First, the Defendant offered no evidence to suggest that the Second Mortgage loan transaction was typical of the business of the Firm. Thus she has failed to establish that the Mortgage Indebtedness was "incurred . . . in the ordinary course of business or financial affairs of the debtor" within the meaning of Section 547(c)(2)(A).
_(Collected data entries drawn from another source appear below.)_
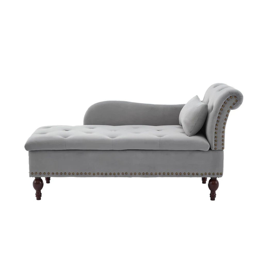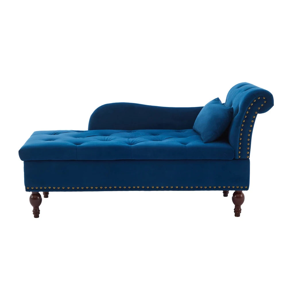 Rosewood Velvet Fabric 2 Seater Storage Modern Chaise Lounge Couch With Tufted Button Back with Pillow For Living room, Office, Garden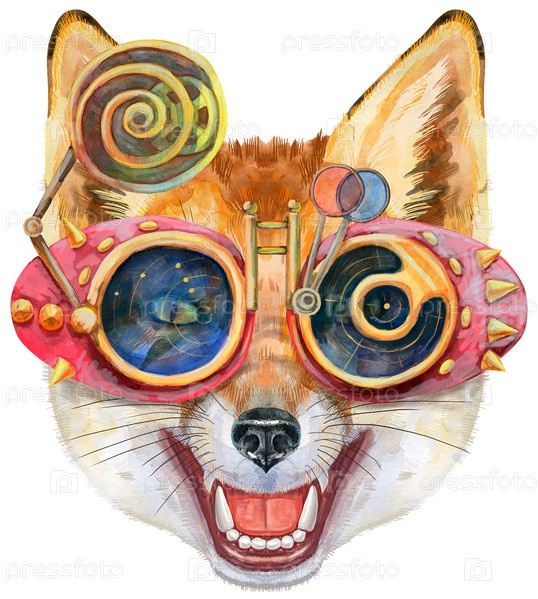 Портрет лисы в очках. Иллюстрация акварели оранжевой лисы. Прекрасный мир дикой природы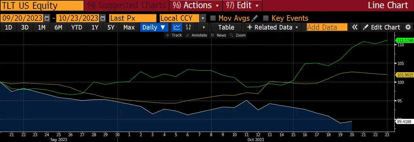自从美联储于 2023 年 9 月 20 日的会议以来,长期美国国债(即 TLT)下跌了 11%,比特币上涨了 11%,黄金上涨了 1%。市场担心通货膨胀,而不是经济增长,这就是为什么比特币和黄金与长期债券收益率一同上升的原因。

Similarly, the Defendant has failed to carry her burden of proof as to "ordinary business terms". In Lawson v. Ford Motor Company (In re Roblin Industries, Inc.), 78 F.3d 30, 39-41 (2d Cir.1996), the Second Circuit Court of Appeals made clear that a trial court's assessment of "ordinary business terms" is an objective function, i.e. a court must determine what terms are ordinary in a debtor's relevant industry. Here, the Court received no evidence of general borrowing terms and/or practices among law firms or investment companies.

Further, the illicit nature of the Firm's business stands as an impediment to the establishment of an ordinary course of business defense. Courts have held that Congress intended the Section 547(c)(2) preference exception to apply only to transfers by "legitimate business enterprises". E.g., In re Bullion Reserve of North America, 836 F.2d 1214, 1219 (9th Cir.1988) (principle applied in the case of a "Ponzi" scheme.).

In light of the foregoing, the Court concludes that the One-Year Indirect Payments are avoidable by the Plaintiff-Trustee under Code Section 547. Under the circumstances of this proceeding, Code Section 550 permits the Trustee to recover the amount of the One-Year Indirect Payments only from the "entity for whose benefit" they were made, i.e. the Defendant. 11 U.S.C. §§ 550(a)(1) (1995). Accordingly, a monetary judgment in the amount of $4,717.63 shall enter against the Defendant.

V. CONCLUSION

For the foregoing reasons, judgment shall enter in favor of the Plaintiff avoiding the Direct Payments and the One-Year Indirect Payments, and providing for a *424 monetary recovery in the aggregate amount of $6,495.34.

NOTES

[1] Beginning sometime in the late 1980's, Thomas Richardson participated with Carrozzella in a criminal enterprise possessing many of the attributes of a "Ponzi" scheme. As part of that enterprise Carrozzella would solicit funds from clients and others upon the promise of payment of an agreed rate of interest on such deposits.

[2] The bulk of the payments made in this time-frame, i.e. those after November 12, 1991, were made for the benefit of the Defendant alone, due to the Residential Transfer. Given the nature of the disposition of this proceeding, it is unnecessary for the Court to allocate, as between Thomas Richardson and the Defendant, the benefit of the indirect Payments in the brief period, July 19, 1991 to November 12, 1991.

[3] With the exception of minor typographical irregularities, these checks were all drawn to the order of "Thomas J. Richardson and Anne V. Richardson".

[4] Because Code Section 544(a) confers upon the Trustee the rights, inter alia, of a hypothetical creditor whose claim arose on the Petition Date, that subsection is not supportive of his standing under Sections 52-552e and 552f.

[5] See Fed.R.Evid. 201 (1997).

[6] E.g., Claim Nos. 3, 5, 9, 13, 21, 23, 25, 38.

[7] An account was established by the Firm in the name "Thomas Richardson" only.

[8] The entire amount is recoverable from the Defendant since she had an undivided interest in the whole of those payments.

[9] The Defendant argues that she meets none of the examples of "insider" in Code Section 101(31) (1995) due to the alleged fact that Thomas Richardson was not a partner of the Firm at the time of the subject transfers. It is unnecessary for the Court to reach the question of Thomas Richardson's partnership status, since even if not a partner, he occupied a position of knowledge and control sufficient to qualify him and his spouse as "insiders". In this respect, it is important to note that Section 101(31)'s list of qualifying relationships is merely suggestive, and is drafted by way of example. Its use of the term "includes" reveals that the definitional examples are not intended to be exhaustive.